The development of a scar has a lot to do with the way it is handled and cared for during the days of its healing process.

Our skin goes through three stages of reparation before a scar is formed.

First, the wound is inflamed, red and sensitive/sore to touch. It can be quite tender during this stage as the scab begins to form.

Second stage is when new tissue begins to develop underneath the scab on the surface.

The third and final stage is the skin rebuilding the inner and outer layers.

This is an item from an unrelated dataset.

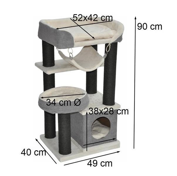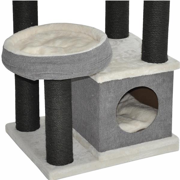 NOVÉ KOČIČÍ ŠKRABADLO XL ŠEDO-BÍLÉ se sisalovými kmeny Ø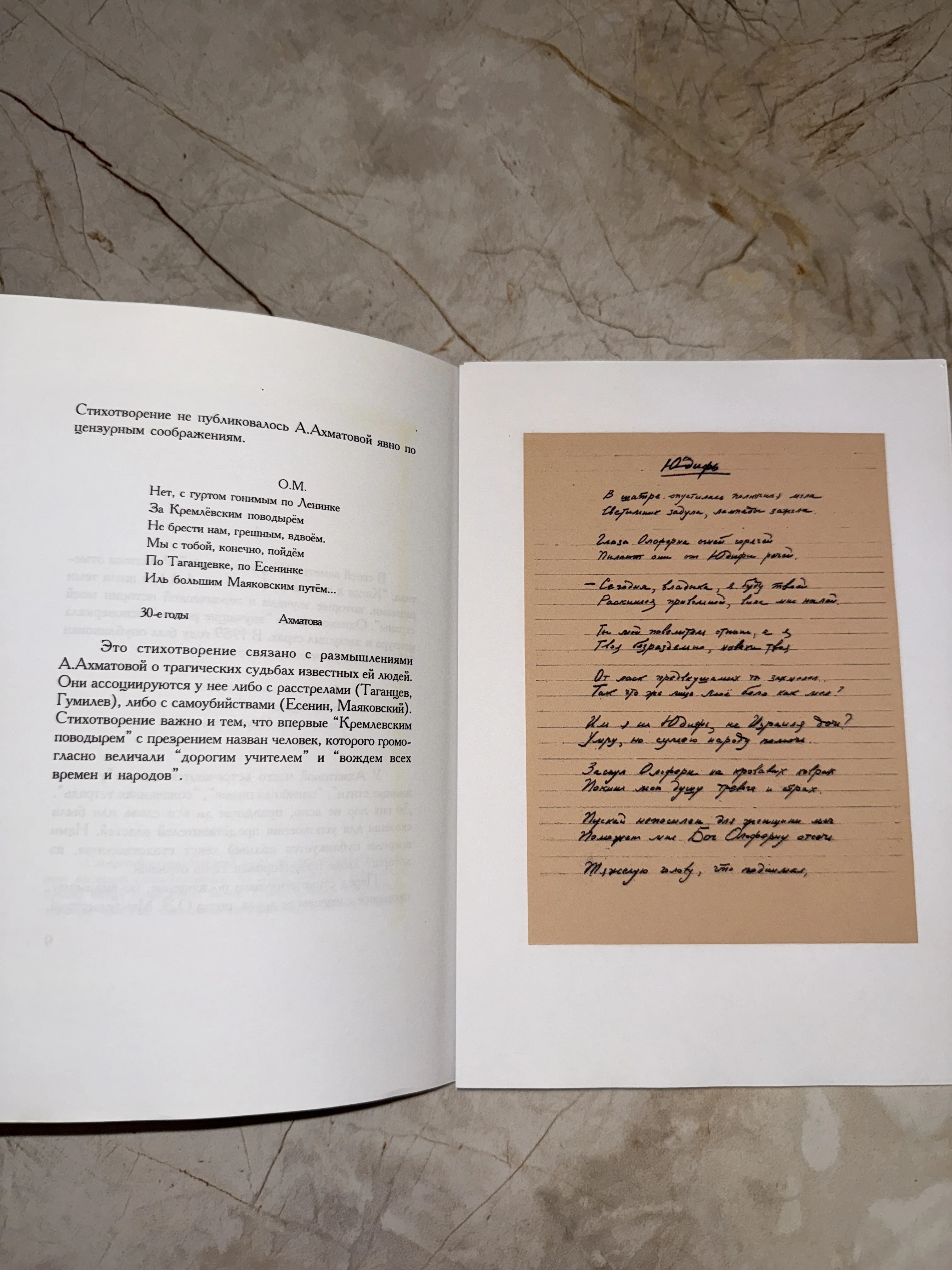 Разворот книги со стихотворением Анны Ахматовой «О.М.» и вклеенным факсимиле рукописи «Юдифь» на тонированной бумаге.

Everything that you do during these three stages affects the way in which, and extent to which, a scar will form.

 

Allow it to breathe:

In order to heal, a wound needs to be able to breathe. Keeping it enclosed in bandages is not always the best idea. Furthermore, some creams and oils, including vitamin E products, can clog the area and impede the healing process.

A light bandage is all that is necessary and should not block the wound from air.

 

Avoid water:

Exposing a scab to water for any prolonged period of time allows it to go soggy. This soften of the scab interrupts to formation of new tissue. Keep wounds away from water or getting wet as much as possible.

 

Keep it hydrated:

If your wound is dry or itchy, apply a very lightweight layer of moisturiser or serum. Those which are packed with anti-oxidants are best as they also speed up the healing process.

The wound heals best when kept moist, not wet, and dryness can lead to scarring.

 

Avoid the sun:

Sun exposure can actually worsen the scarring of a wound. Rather than clogging up the area with sunscreen though, and possibly irritating it further, it’s safer to avoid the sun as much as possible. Cover up or opt for shade to give your body the best opportunity to heal correctly.

 

Do not pick:

No matter how irritated, itchy or just plain tempting it might seem, if you meddle with or alter a scab, you are severely impairing a wound’s healing process. Furthermore, it can worsen any scarring that might have occurred in the first place. Allow the scab to form and leave it to fall off on its own accord; that is the sign of a wound healing in completion.